Learning-Based Data Storage [Vision] (Technical Report)

URL: http://arxiv.org/abs/2206.05778v1
Date: Sun, 12 Jun 2022 16:14:16 GMT
Title: Learning-Based Data Storage [Vision] (Technical Report)
Authors: Xiang Lian, Xiaofei Zhang
Abstract summary: We envision a new paradigm of data storage, "DNN-as-a-Database", where data are encoded in well-trained machine learning models. In this paper, we propose this novel concept of learning-based data storage, which utilizes a learning structure called learning-based memory unit (LMU) Our preliminary experimental results show the feasibility of the learning-based data storage by achieving high (100%) accuracy of the DNN storage.
Score: 9.882820980833698
License: http://creativecommons.org/licenses/by-nc-nd/4.0/
Abstract: Deep neural network (DNN) and its variants have been extensively used for a wide spectrum of real applications such as image classification, face/speech recognition, fraud detection, and so on.
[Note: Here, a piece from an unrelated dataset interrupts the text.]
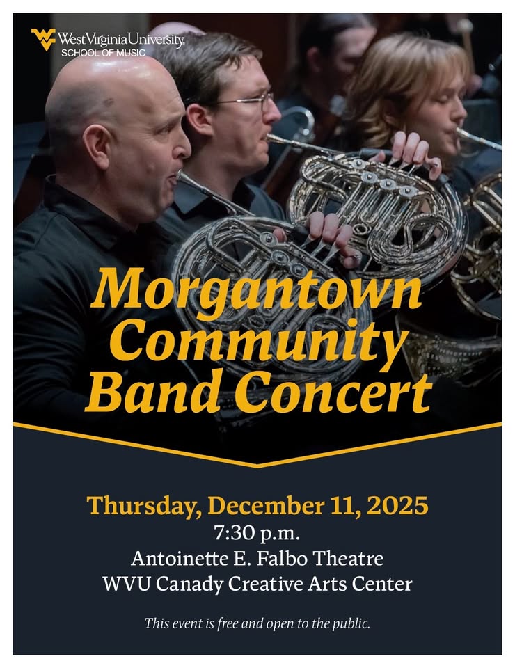We invite you to join us this Thursday at 7:30pm (doors will open around 7:15pm) in the Falbo Theatre of the Canady Creative Arts Center for the Morgantown Community Band’s Winter Concert!
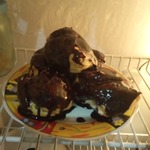 [+5]Из того, что сделала я :пекла на пергаментной бумаге, пропитанная силиконом,Qualita.Практически всю выпечку готовлю на ней, ничего не прилипает и не подгорает.Попробуйте.Крем поместила в пирожные при помощи кондитерского шприца. Ну и сварила шоколад и полила им пирожные сверху.

In addition to many important machine learning tasks, as artificial networks emulating the way brain cells function, DNNs also show the capability of storing non-linear relationships between input and output data, which exhibits the potential of storing data via DNNs. We envision a new paradigm of data storage, "DNN-as-a-Database", where data are encoded in well-trained machine learning models. Compared with conventional data storage that directly records data in raw formats, learning-based structures (e.g., DNN) can implicitly encode data pairs of inputs and outputs and compute/materialize actual output data of different resolutions only if input data are provided. This new paradigm can greatly enhance the data security by allowing flexible data privacy settings on different levels, achieve low space consumption and fast computation with the acceleration of new hardware (e.g., Diffractive Neural Network and AI chips), and can be generalized to distributed DNN-based storage/computing. In this paper, we propose this novel concept of learning-based data storage, which utilizes a learning structure called learning-based memory unit (LMU), to store, organize, and retrieve data. As a case study, we use DNNs as the engine in the LMU, and study the data capacity and accuracy of the DNN-based data storage. Our preliminary experimental results show the feasibility of the learning-based data storage by achieving high (100%) accuracy of the DNN storage. We explore and design effective solutions to utilize the DNN-based data storage to manage and query relational tables. We discuss how to generalize our solutions to other data types (e.g., graphs) and environments such as distributed DNN storage/computing.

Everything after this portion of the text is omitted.